Eine (Fehl-)Entscheidung der Beklagten, die den Kläger im vorliegenden Fall daran hinderte, ihren Krankengeldanspruch zu wahren, liegt ebenfalls vor. Denn die Praxis der Beklagten, der Praxis E. Freiumschläge zur Übermittlung von Arbeitsunfähigkeitsbescheinigungen an sie zu überlassen, hinderte den Kläger an der Wahrung seines Krankengeldanspruchs.

Die Beklagte hat mit der Überlassung der Freiumschläge an Vertragsärzte deutlich zum Ausdruck gebracht, dass sie die Erfüllung der Meldeobliegenheit für ihre Versicherten erleichtern wollte, in dem sie einen kostenfreien Meldeweg über den Vertragsarzt eröffnete. Ist dies der Fall, erscheint es unabhängig von zivilrechtlichen Zurechnungsregelungen als treuwidrig, sich darauf zu berufen, wenn auf diesem von der Beklagten ohne Not eröffnten besonderen Übermittlungsweg ein Fehler geschieht, der zur Versäumung der Meldefrist führt.

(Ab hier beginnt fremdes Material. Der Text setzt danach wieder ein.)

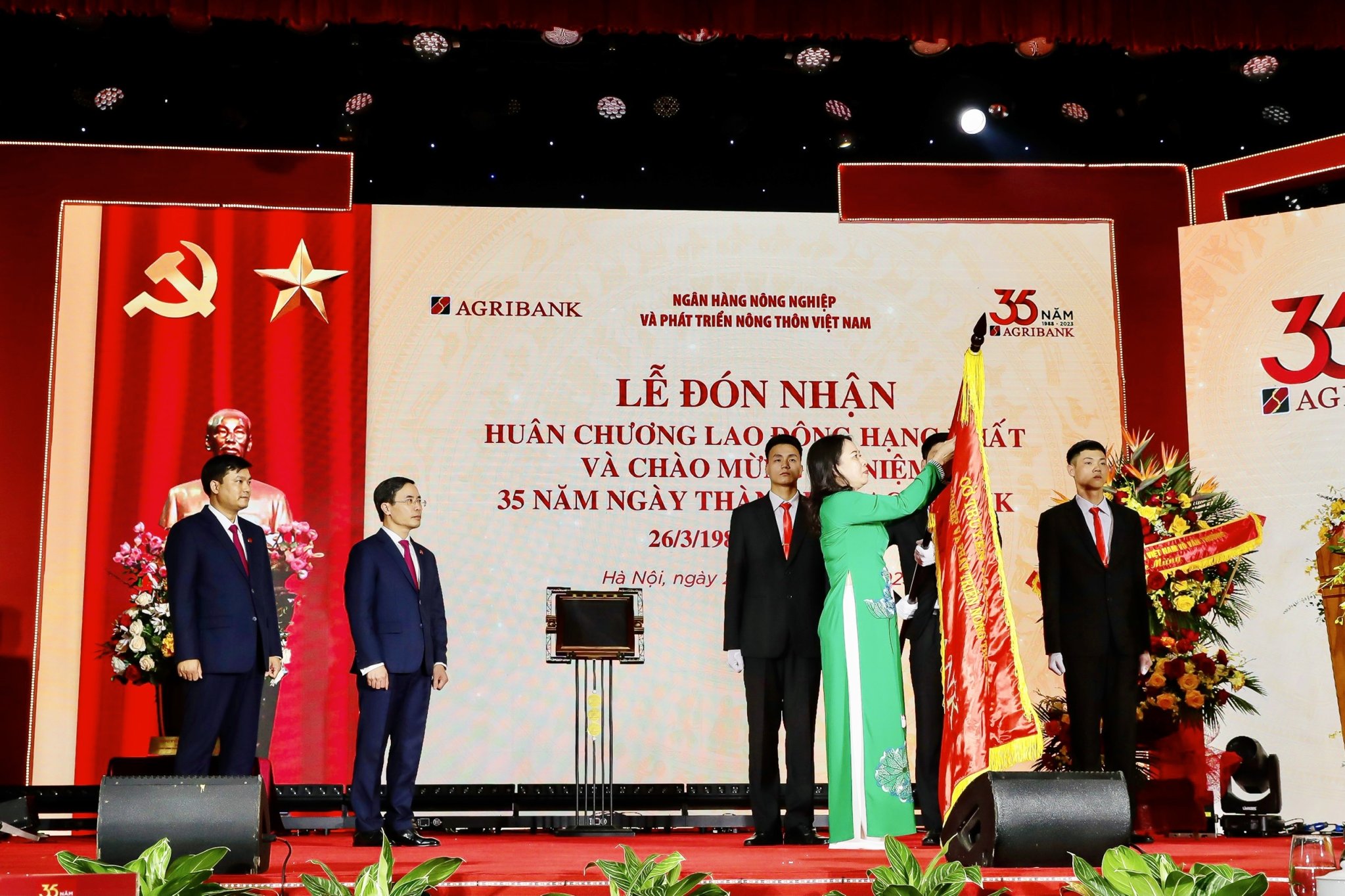 Tiếp tục ghi nhận những đóng góp quan trọng của Agribank trong quá trình 35 năm phát triển, Chủ tịch Nước CHXHCN Việt Nam đã tặng thưởng Agribank Huân chương Lao động hạng Nhất. Thay mặt Đảng và Nhà nước, Đồng chí Phó Chủ tịch nước Võ Thị Ánh Xuân gắn Huân chương Lao động hạng Nhất lên Lá cờ truyền thống của Agribank.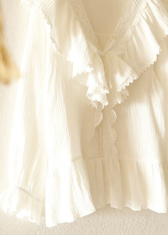 Women White V Neck Patchwork Cotton Pajamas Two Pieces Set Fall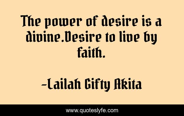 This page presents the quote "The power of desire is a divine.Desire to live by faith.". Author of this quote is Lailah Gifty Akita. This quote is about desire, faith, divine-love, divine-intuition, divine-grace, divine-inspiration, desire-to-live, faith-in-god,.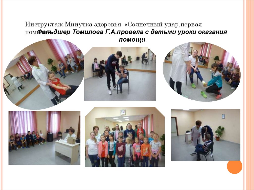 Инструктаж.Минутка здоровья «Солнечный удар,перваяФельдшер Томилова Г.А.провела с детьми уроки оказания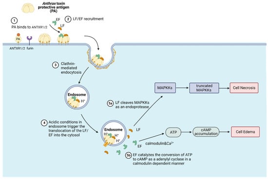 Anthrax toxin translocation mechanism. The anthrax toxin protective antigen (PA) first binds to the host cell membrane protein receptor anthrax toxin receptor ANTXR1/2 and then is cleaved by the host cell surface furin family protease to oligomerize. Then, the lethal factor (LF) and edema factor (EF) are recruited by PA oligomers, and the toxin complex is internalized by the host receptor-mediated endocytosis pathway. Acidic conditions within the endosome trigger the structural rearrangement and channel formation of PA for LF/EF translocation into the cytosol. Refolded LF cleaves cytosol target protein MAPKKs from the N-terminal, and refolded EF catalyzes the cAMP formation, thus inducing cell necrosis and edema, respectively. This image was adapted from “Mechanism of Action-Diphtheria Toxin” by BioRender.com (2023), accessed on 9 May 2023. Retrieved from https://app.biorender.com/biorender-templates, accessed on 9 May 2023.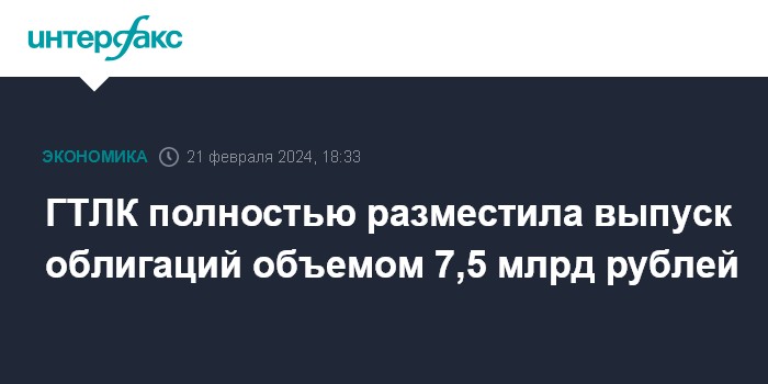 Москва. 21 февраля. INTERFAX.RU - АО "Государственная транспортная лизинговая компания" (ГТЛК) полностью разместило выпуск 15-летних облигаций с офертой через 3,25 года серии 002P-03 объемом 7,5 млрд рублей, сообщил эмитент.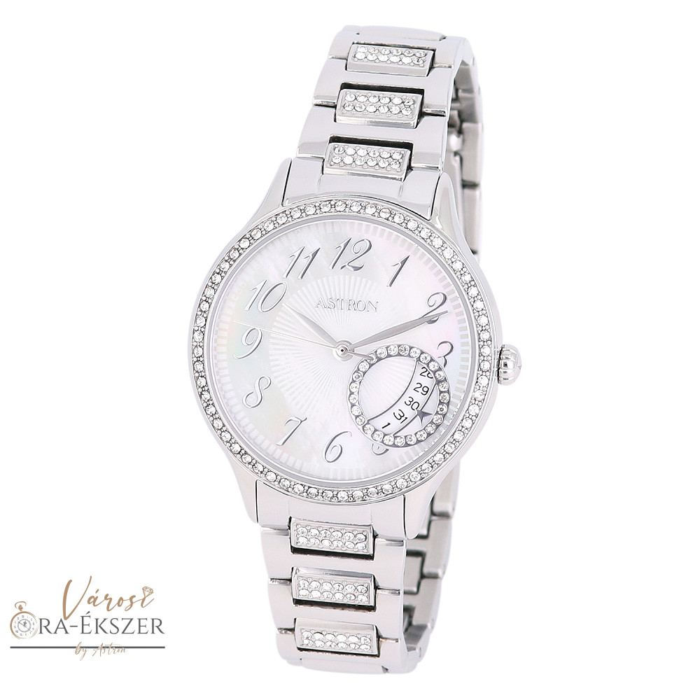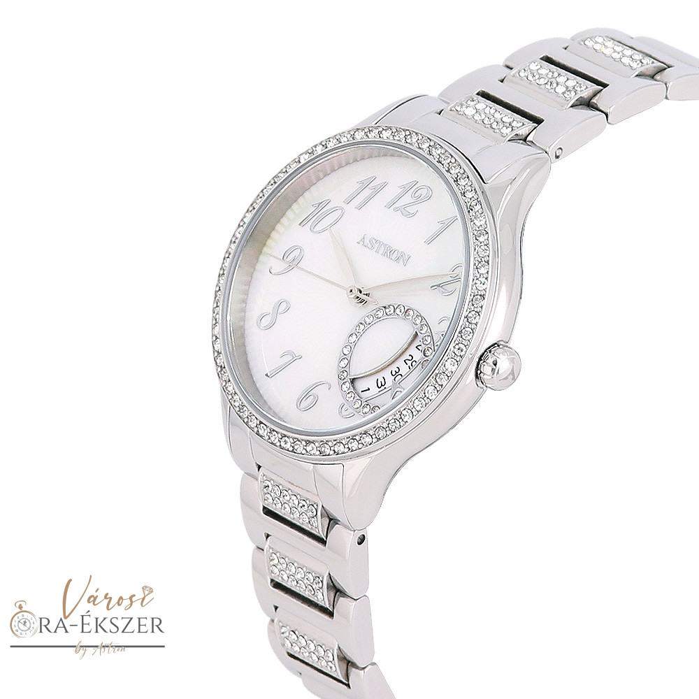 ASTRON 8054-7 női karóra, ezüst színű nemesacél tok és csat, fehér / gyöngyház színű számlap, keményített ásványüveg, quartz szerkezet, 50 m (5 ATM) vízállóság

Dieses Ergebnis steht nicht in Widerspruch zu dem Grundsatz, dass das Risiko einer fehlenden oder verspäteten Übermittlung einer Arbeitsunfähigkeitsbescheinigung grundsätzlich dem Versicherten zur Last fällt. Auf die Frage, ob der Kläger die Meldung ohne schuldhaftes Zögern innerhalb der Grenzen des § 49 Abs. 1 Nr. 5 SGB V nachgeholt hat, kommt es nicht an, da der Beklagten bei Erteilung des Bescheids vom 06.05.2016 die Duplikate der Arbeitsunfähigkeitsbescheinigungen bereits vorgelegen haben.

Die Kostenentscheidung beruht auf § 193 Abs. 1 Satz 1, 183 SGG.

Der Senat hat die Revision wegen der grundsätzlichen Bedeutung der Sache zugelassen (§ 160 Abs. 2 Nr. 1 SGG).